What is required:
Could you copy every record exactly, leaving the pictures behind?

Data for analysis:
═══

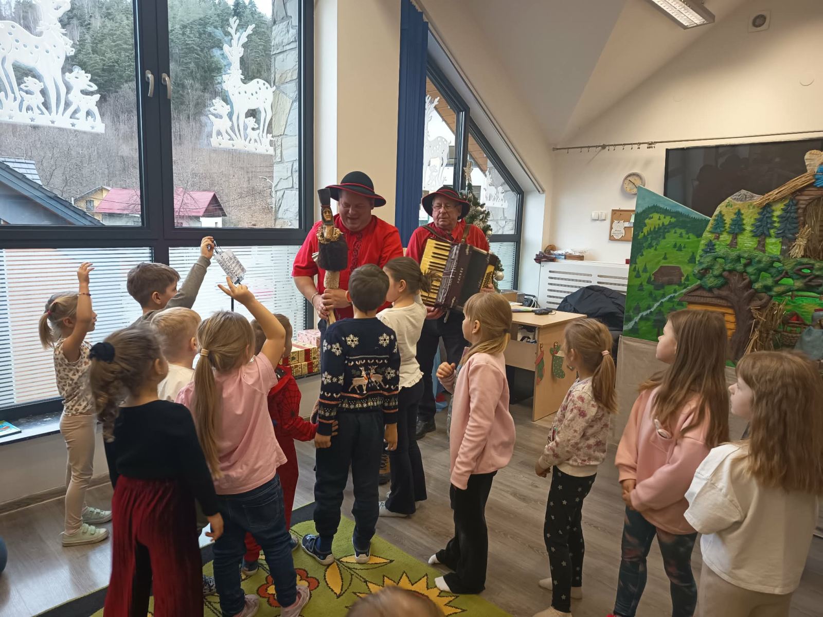 Przed świętami gościliśmy w przedszkolu Zespół Artystyczny „Roztoka” w składzie Roman, Marcin i Łukasz Kos. Panowie przedstawili historie, która oparta jest na opowieści o narodzinach Jezusa.
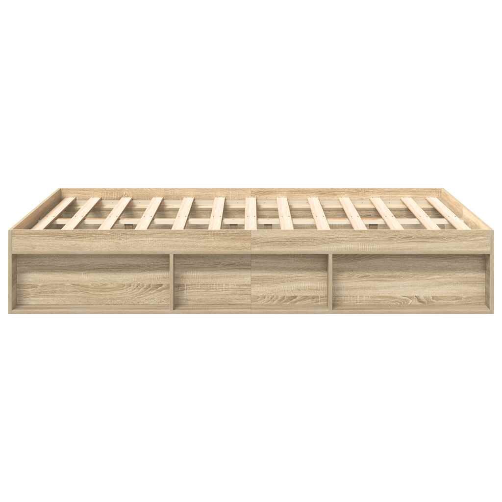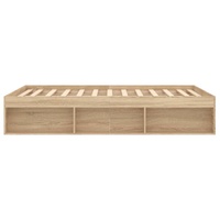 Take the modern route to your bedroom with this bed frame! It will make a practical and decorative addition to your interior. Durable material: The engineered wood is of exceptional quality with smooth surface and also features strength, stability and resistance to moisture.Plywood slats: The plywood slats provide good weight distribution, ensuring that the mattress stays in place with every twist and turn of your body during sleep.Extra storage space: The guest bed has a total of 6 compartments on two sides of the bed to store things like books, potted plants and other decorations. Good to know:A mattress is not included with this bed. We do offer a various selection of mattresses. You can check our shop for a matching mattress.
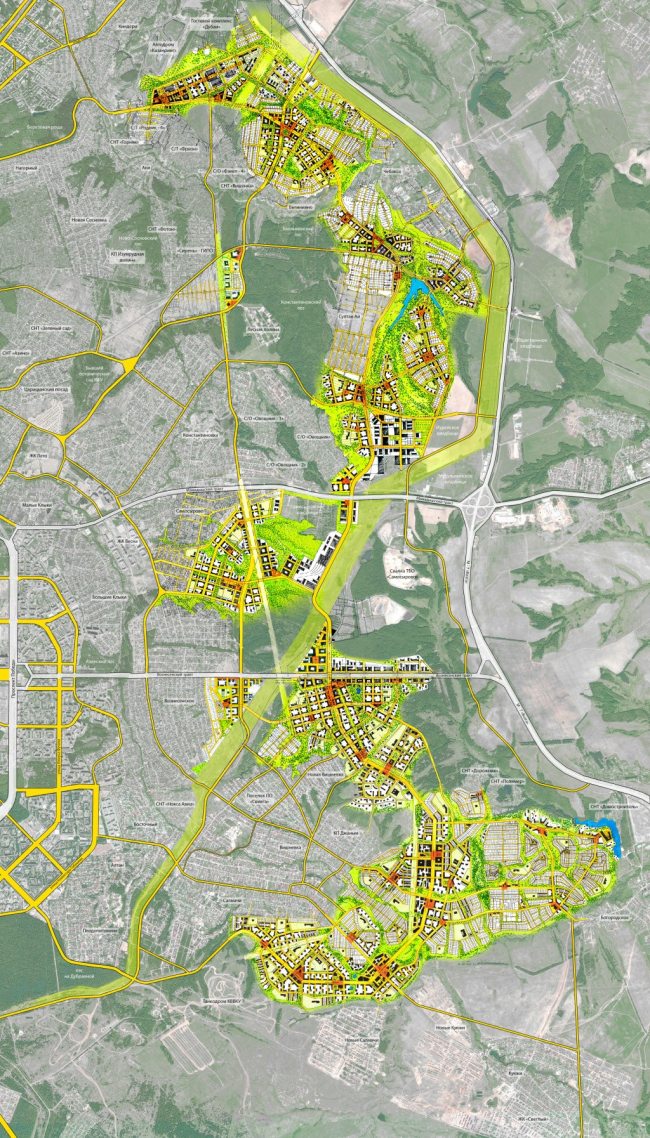 Одна из ключевых идей нашей концепции – создание «ожерелья» мини-городов, которые обладают не только функциональной насыщенностью и специализацией, но и пространственно-средовой полноценностью. В каждом мини-городе есть свое главное место и достаточное разнообразие публичных пространств: площади, скверы, бульвары, торговые улицы. Этот подход близок к тому, который мы пытались реализовать в поселении Вороновское.
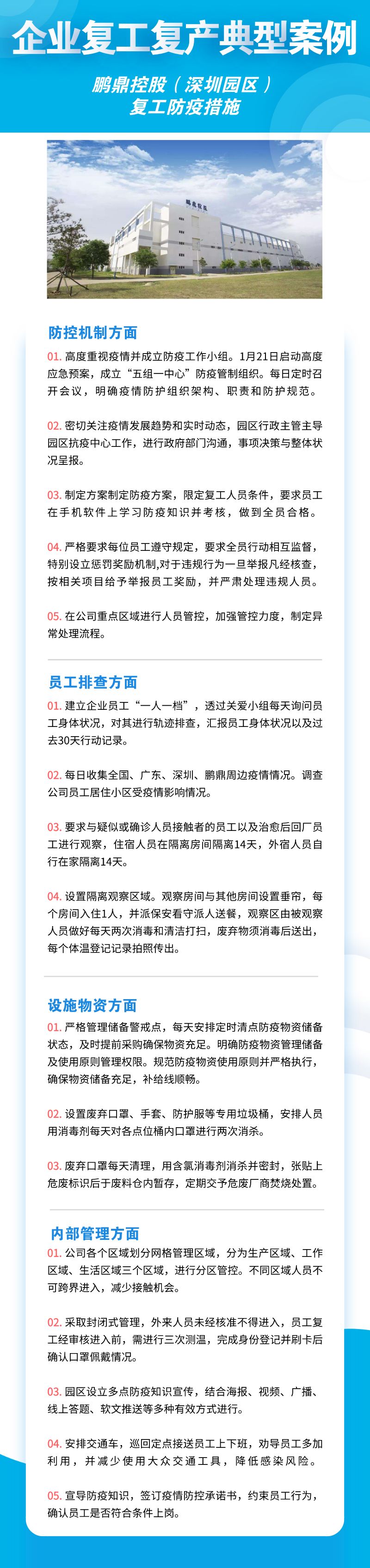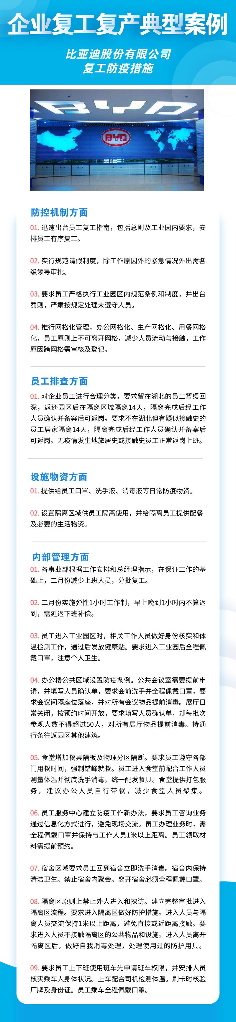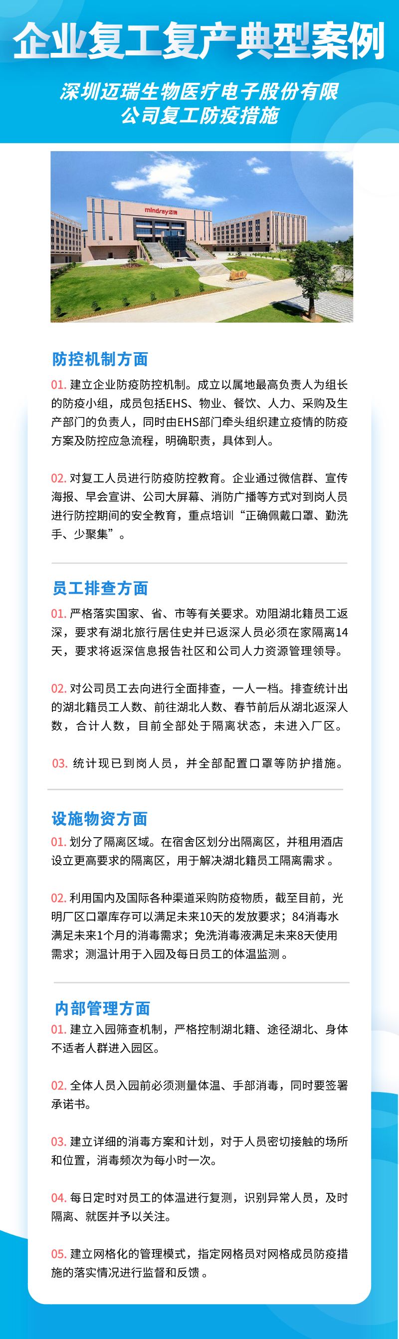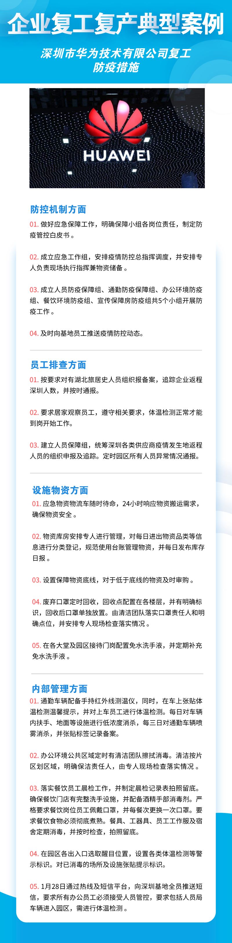 深圳市華為技術(shù)有限公司、聯(lián)想系統(tǒng)集成(深圳)有限公司、深南電路股份有限公司、比亞迪股份有限公司、創(chuàng)維集團(tuán)股份有限公司等8家公司,從防控機制、員工排查、設(shè)施物資、內(nèi)部管理四個方面來落實疫情防控措施,包括成立企業(yè)疫情防控小組、建立企業(yè)防控機制、提升員工防控意識、劃分隔離區(qū)域、宿舍食堂等區(qū)域消殺等舉措。
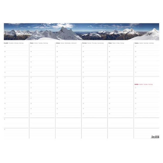 Plánovacia písacia podložka s ochrannou plastovou lištou proti poškodeniu listov. Každý list obsahuje predtlačené oddiely na sedem dní v týždni. Možnosť plánovania po hodinách a zapisovania telefonátov. Obsahuje 20 listov.
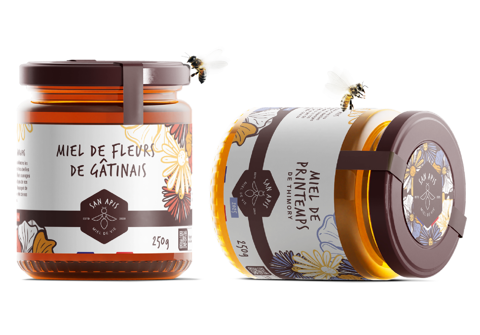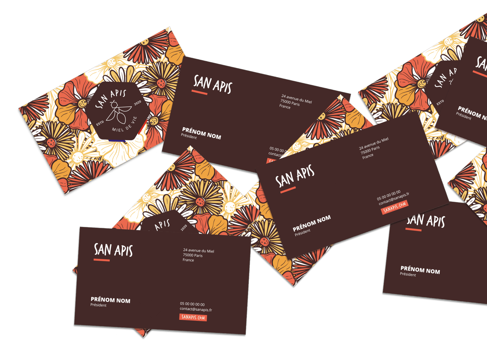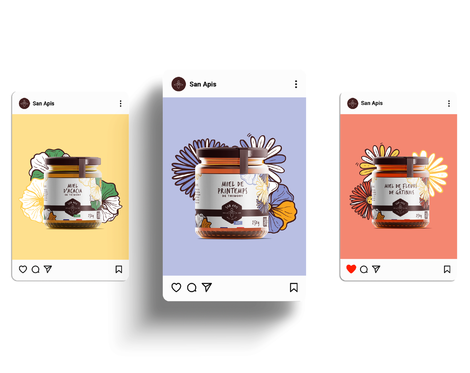 San Apis est une marque de miel artisanal qui valorise le savoir-faire local et la diversité florale. L’identité visuelle s’inspire des fleurs mellifères, avec une palette colorée et naturelle qui évoque la richesse du terroir. L’univers graphique a été décliné sur plusieurs supports print et digitaux afin d’installer une image de marque cohérente, chaleureuse et facilement identifiable.

═══

Exercise answer:
 Przed świętami gościliśmy w przedszkolu Zespół Artystyczny „Roztoka” w składzie Roman, Marcin i Łukasz Kos. Panowie przedstawili historie, która oparta jest na opowieści o narodzinach Jezusa.
 Take the modern route to your bedroom with this bed frame! It will make a practical and decorative addition to your interior. Durable material: The engineered wood is of exceptional quality with smooth surface and also features strength, stability and resistance to moisture.Plywood slats: The plywood slats provide good weight distribution, ensuring that the mattress stays in place with every twist and turn of your body during sleep.Extra storage space: The guest bed has a total of 6 compartments on two sides of the bed to store things like books, potted plants and other decorations. Good to know:A mattress is not included with this bed. We do offer a various selection of mattresses. You can check our shop for a matching mattress.
 Одна из ключевых идей нашей концепции – создание «ожерелья» мини-городов, которые обладают не только функциональной насыщенностью и специализацией, но и пространственно-средовой полноценностью. В каждом мини-городе есть свое главное место и достаточное разнообразие публичных пространств: площади, скверы, бульвары, торговые улицы. Этот подход близок к тому, который мы пытались реализовать в поселении Вороновское.
 深圳市華為技術(shù)有限公司、聯(lián)想系統(tǒng)集成(深圳)有限公司、深南電路股份有限公司、比亞迪股份有限公司、創(chuàng)維集團(tuán)股份有限公司等8家公司,從防控機制、員工排查、設(shè)施物資、內(nèi)部管理四個方面來落實疫情防控措施,包括成立企業(yè)疫情防控小組、建立企業(yè)防控機制、提升員工防控意識、劃分隔離區(qū)域、宿舍食堂等區(qū)域消殺等舉措。
 Plánovacia písacia podložka s ochrannou plastovou lištou proti poškodeniu listov. Každý list obsahuje predtlačené oddiely na sedem dní v týždni. Možnosť plánovania po hodinách a zapisovania telefonátov. Obsahuje 20 listov.
 San Apis est une marque de miel artisanal qui valorise le savoir-faire local et la diversité florale. L’identité visuelle s’inspire des fleurs mellifères, avec une palette colorée et naturelle qui évoque la richesse du terroir. L’univers graphique a été décliné sur plusieurs supports print et digitaux afin d’installer une image de marque cohérente, chaleureuse et facilement identifiable.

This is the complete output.